*** Opening of DATASET EXTRACT ***

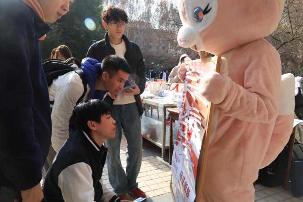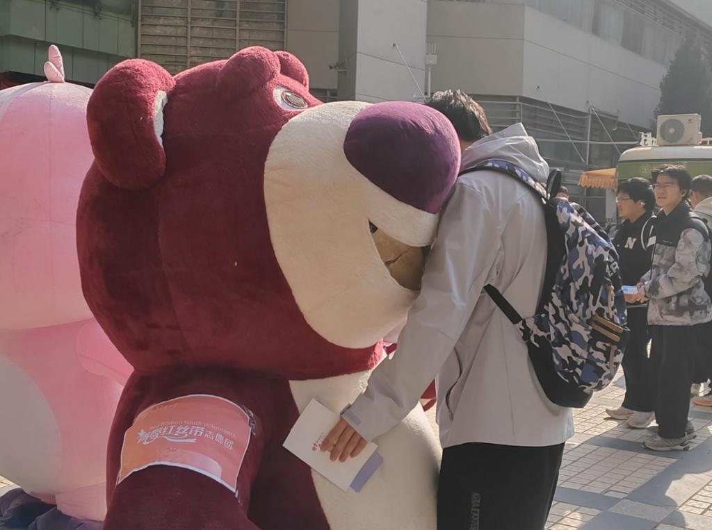 心理学协会延续“爱的抱抱”温情互动形式,两位志愿者身着玩偶服装,手持“我是艾滋感染者,你愿意拥抱我吗?”的标识牌,主动邀请过往同学给予拥抱。通过这种直观而富有感染力的方式,传递“日常接触不会传播艾滋病”的科学知识,打破不必要的恐惧与疏离。与此同时,心理学协会还发放宣传册,帮助同学们掌握科学防护方法,树立“主动检测、积极预防、关爱他人、消除歧视”的责任意识,进一步体现了交大学子的人文关怀。
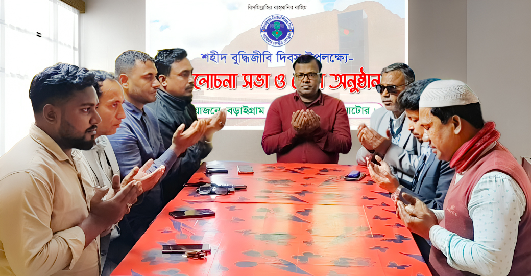 নাটোরের ‘বড়াইগ্রাম কেন্দ্রীয় প্রেসক্লাব’ এর উদ্যোগে শহীদ বুদ্ধিজীবী দিবস পালিত হয়েছে। রবিবার (১৪ ডিসেম্বর) সকালে প্রেসক্লাবের নিজস্ব কার্যালয়ে এ উপলক্ষে আলোচনা সভা ও দোয়া অনুষ্ঠিত হয়।
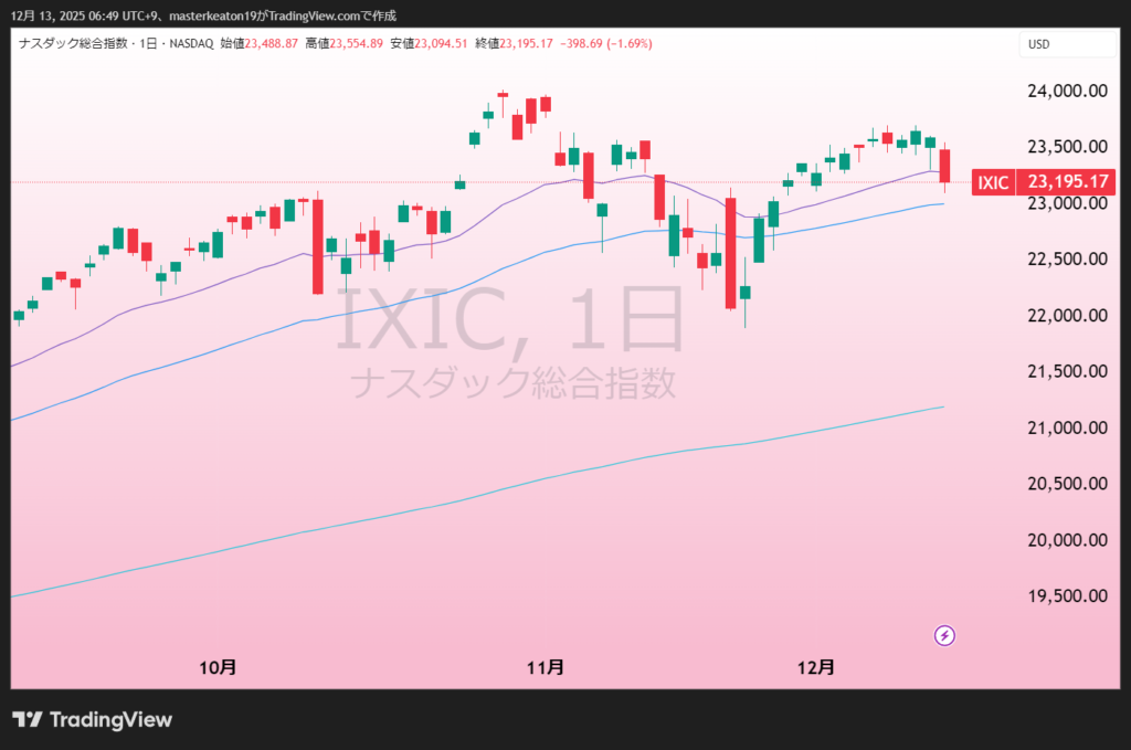 週末最後の最後でがっつり下落です。50日線までは下がりませんでしたが、週末ということもありまあまあの下げでした。

*** Close of DATASET EXTRACT ***

Copy exactly, please, every line from the one holding "নাটোরের ‘বড়াইগ্রাম কেন্দ্রীয়" through the last line of the data, both ends included, and no pictures.

 নাটোরের ‘বড়াইগ্রাম কেন্দ্রীয় প্রেসক্লাব’ এর উদ্যোগে শহীদ বুদ্ধিজীবী দিবস পালিত হয়েছে। রবিবার (১৪ ডিসেম্বর) সকালে প্রেসক্লাবের নিজস্ব কার্যালয়ে এ উপলক্ষে আলোচনা সভা ও দোয়া অনুষ্ঠিত হয়।
 週末最後の最後でがっつり下落です。50日線までは下がりませんでしたが、週末ということもありまあまあの下げでした。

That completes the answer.